Following a freedom of information request, the Free Press can exclusively reveal that Doncaster Council, which has to make £109 million in cuts, spent a total of £317,224.13 on the seven care homes owned and run by the local authority.
The money was spent between April 2011 and April 2014, with the largest proportion of the funds, £122,237.75, being spent over the course of the last financial year.
Doncaster council cabinet members approved plans to implement a phased closure of all seven council-run care homes in June, but the closure was initially proposed in October last year.
The local authority has just completed a three month review period, during which time it has attempted to find ‘alternate providers’ to take over and run the homes, but it is not yet known whether this has been successful.
Thorne councillor Martin Williams has criticised the amount spent by the council on improvements to the homes.
He said: “If they’re going to spend that much money on maintaining the homes, they may as well keep them open.
They never should have voted to close them,” added the Community Group Party member.

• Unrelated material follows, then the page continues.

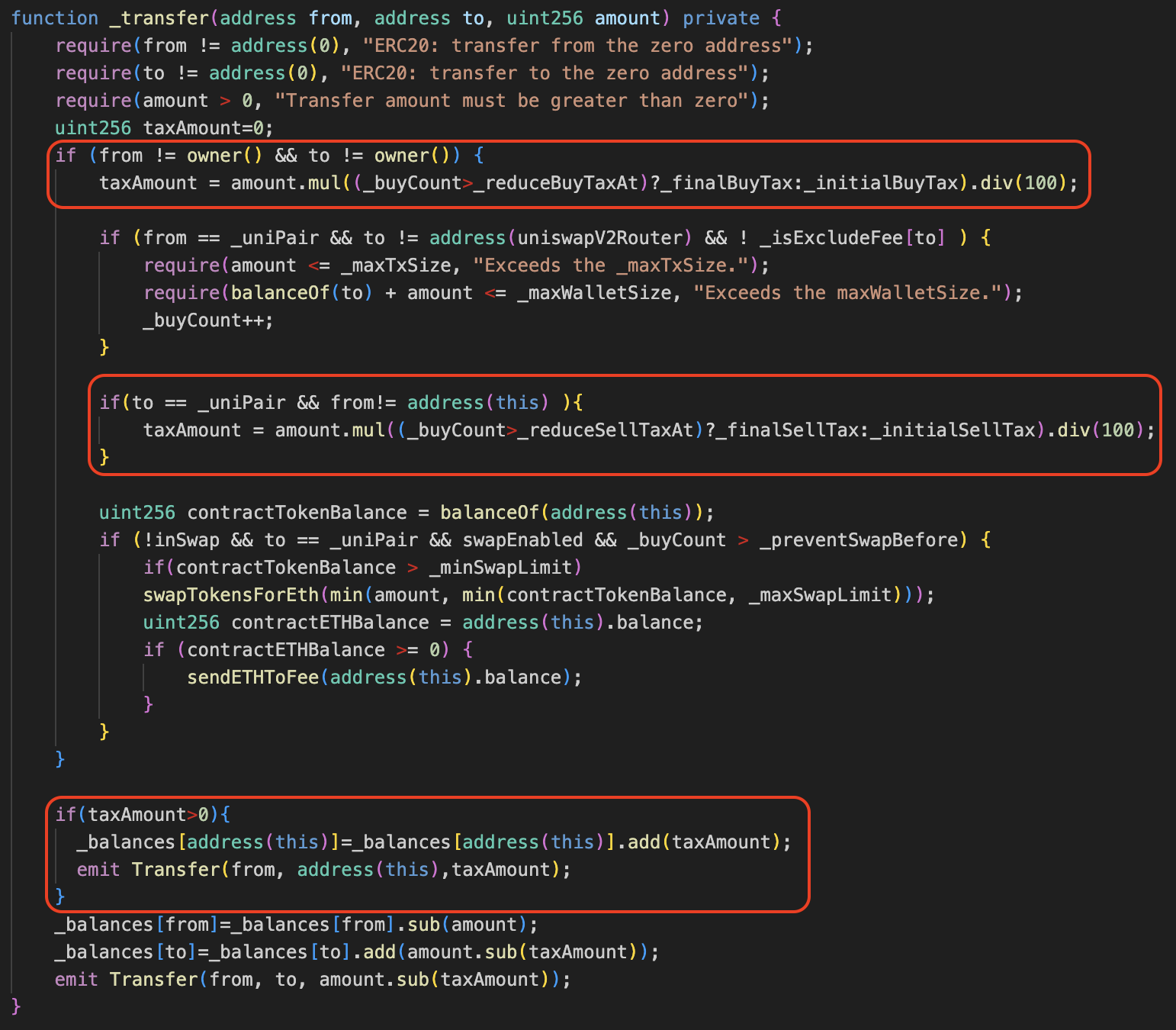 下图是FLIGHT的转账函数实现代码。可以明显的看到这个转账实现和标准实现存在巨大差异。每次转账都要根据当前的条件,来决定要不要收税。这个交易税使得买入和卖出都受到限制,这大概率是诈骗的币种。

To me it seems like they took the decision to do them so they could make them more appealing to independent providers.
Why didn’t they make these improvements years before? The best thing for them to do now would be to get an independent provider to take them over and keep the same staff on so the residents can have continuity of care.”
Doncaster council is set to make a total of £109 million of cuts between 2014 and 2017, and the local authority estimates it will be able to save £1.927 million through the phased closure of its in-house care homes.
It also cites the fact it does not consider the homes ‘fit to meet the future needs of an increasingly disabled group of older people’ and that they would require ‘significant investment’ as factors in their decision.
Members of the Caregate group have put up ‘overwhelming opposition’ to the closures. Caregate member, Peter Sumner, said he believes that the amount spent on maintaining the homes proves ‘they don’t know what they’re doing’. “All the way along they kept telling us that the care homes were not fit for purpose, but this just shows that isn’t the case”, said the 66-year-old. Peter, of Goodison Boulevard, Cantley, added: “These are solid buildings that are maintained well. It’s clearly about the political decision they’ve chosen to make, and not about the money or the state of the homes.”
According to Doncaster council, the £317,224 detailed in the freedom of information request relates to five homes having their kitchen ventilation updated, the addition of a conservatory and the replacement of a boiler.
Dave Hamilton, Director of Adults, Health and Wellbeing, said: “All of the works to ventilation systems and boilers were essential and had to be completed to comply with health and safety regulations. We have a duty to maintain the buildings to ensure quality of life for current residents. The conservatory at Rose House was paid for by a Government grant.”